◆ Your instructions ◆
Retype, word for word, the line holding "TV stolek s" and every line below it to the end of the listing. Leave out the pictures.

◆ Extracted information ◆
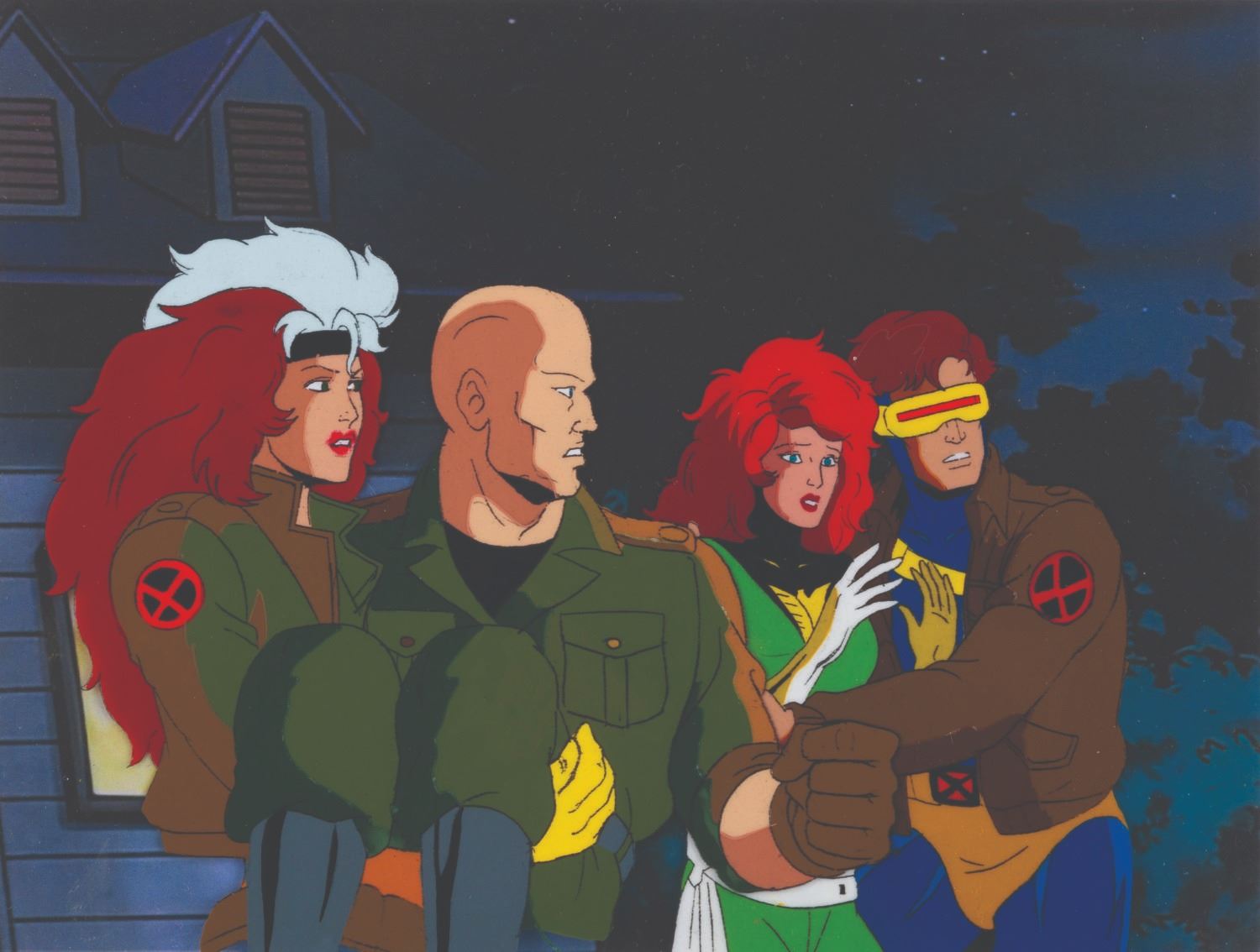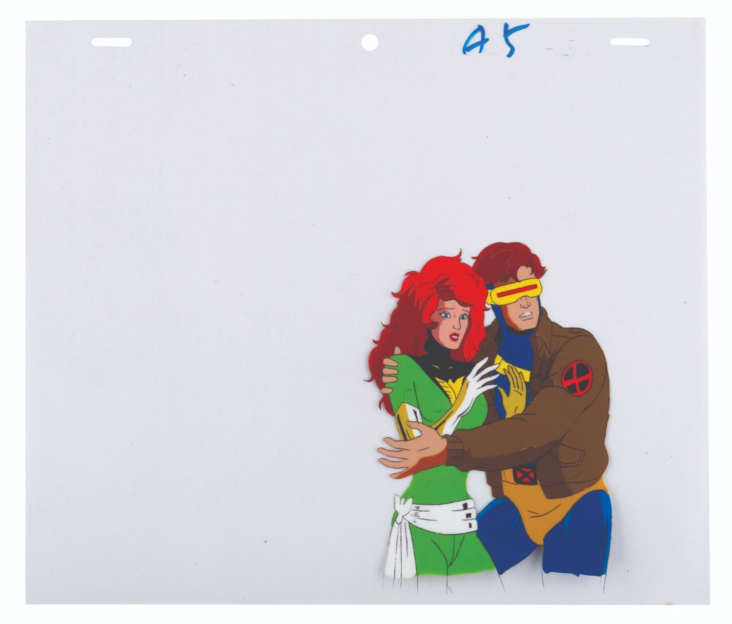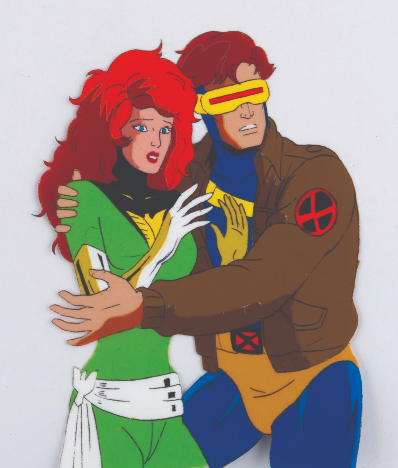 (Fox, 1994) An original multi-layer production cel from “X-Men: The Animated Series” of Rogue, Professor X, Cyclops, and Jean Grey from the season three episode "The Dark Phoenix, Part III: The Dark Phoenix" with a color copy background. Measuring 10.5” x 9” with a character image size of 5” x 8.5”, the cel is in fine condition.
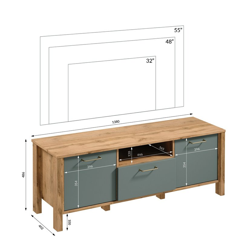 TV stolek s frézováním NOE 140 cm - černý mat/dub catania
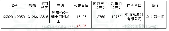10月26日新疆棉競(jìng)賣交易兵團(tuán)專場(chǎng)推出資源量為11772.42噸,(全部為兵團(tuán)第一師資源),實(shí)際成交43.26噸,成交率0.37%,成交價(jià)12760元/噸,平均長(zhǎng)度28.6。中國(guó)棉花信息網(wǎng)統(tǒng)計(jì),截至10月26日,兵團(tuán)已累計(jì)成交資源42905.605噸。
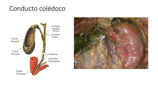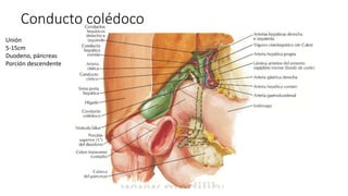 El conducto colédoco une el hígado y el páncreas al duodeno. Mide entre 5-15 cm y drena la bilis y los jugos pancreáticos a través de la ampolla de Vater y la papila duodenal mayor al intestino delgado. Recibe irrigación sanguínea de la arteria cística y drena venosamente al hígado a través de la vena porta hepática, mientras que el drenaje linfático ocurre a través de los ganglios císticos, hepáticos y celíacos
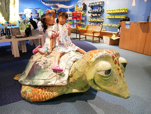 アウトリガー併設の水族館アンダーウォーターワールドの売店のカメさんに乗って記念撮影も♡
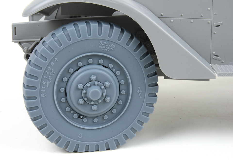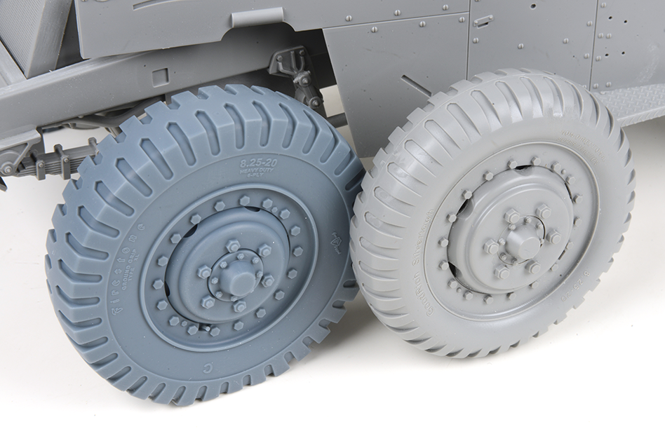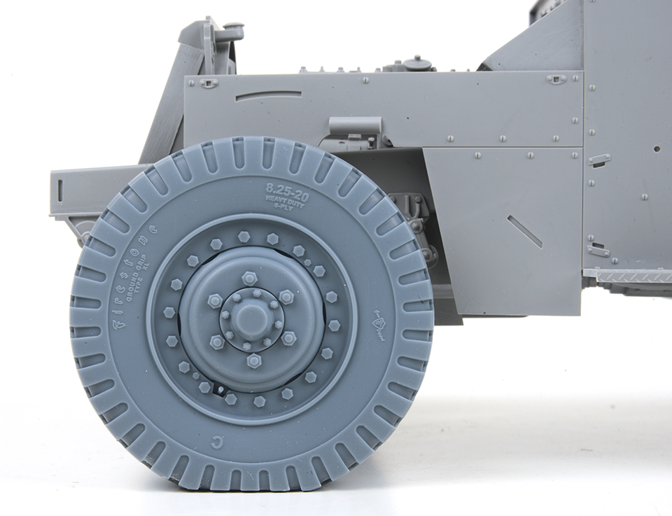 Set of two 3D printed front wheels for the AHHQ Halftrack which correct the numerous errors in the kit wheels and have a weighted effect as well as the sidewall lettering carefully replicated.
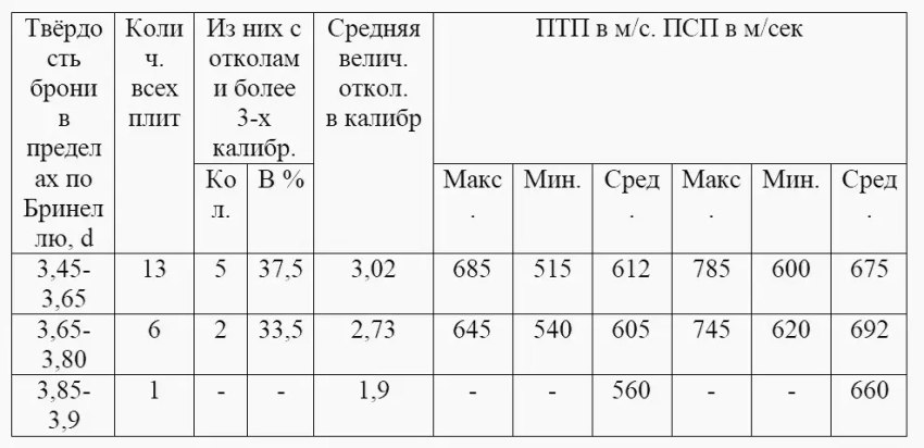Кроме плит средней твердости, использованных для снятия тактических характеристик, были также испытаны гомогенные плиты той же плавки и технологии, обработанные на твердость 3,7–3,9 d.

◆ Problem solution ◆
 TV stolek s frézováním NOE 140 cm - černý mat/dub catania
10月26日新疆棉競(jìng)賣交易兵團(tuán)專場(chǎng)推出資源量為11772.42噸,(全部為兵團(tuán)第一師資源),實(shí)際成交43.26噸,成交率0.37%,成交價(jià)12760元/噸,平均長(zhǎng)度28.6。中國(guó)棉花信息網(wǎng)統(tǒng)計(jì),截至10月26日,兵團(tuán)已累計(jì)成交資源42905.605噸。
 El conducto colédoco une el hígado y el páncreas al duodeno. Mide entre 5-15 cm y drena la bilis y los jugos pancreáticos a través de la ampolla de Vater y la papila duodenal mayor al intestino delgado. Recibe irrigación sanguínea de la arteria cística y drena venosamente al hígado a través de la vena porta hepática, mientras que el drenaje linfático ocurre a través de los ganglios císticos, hepáticos y celíacos
 アウトリガー併設の水族館アンダーウォーターワールドの売店のカメさんに乗って記念撮影も♡
 Set of two 3D printed front wheels for the AHHQ Halftrack which correct the numerous errors in the kit wheels and have a weighted effect as well as the sidewall lettering carefully replicated.
Кроме плит средней твердости, использованных для снятия тактических характеристик, были также испытаны гомогенные плиты той же плавки и технологии, обработанные на твердость 3,7–3,9 d.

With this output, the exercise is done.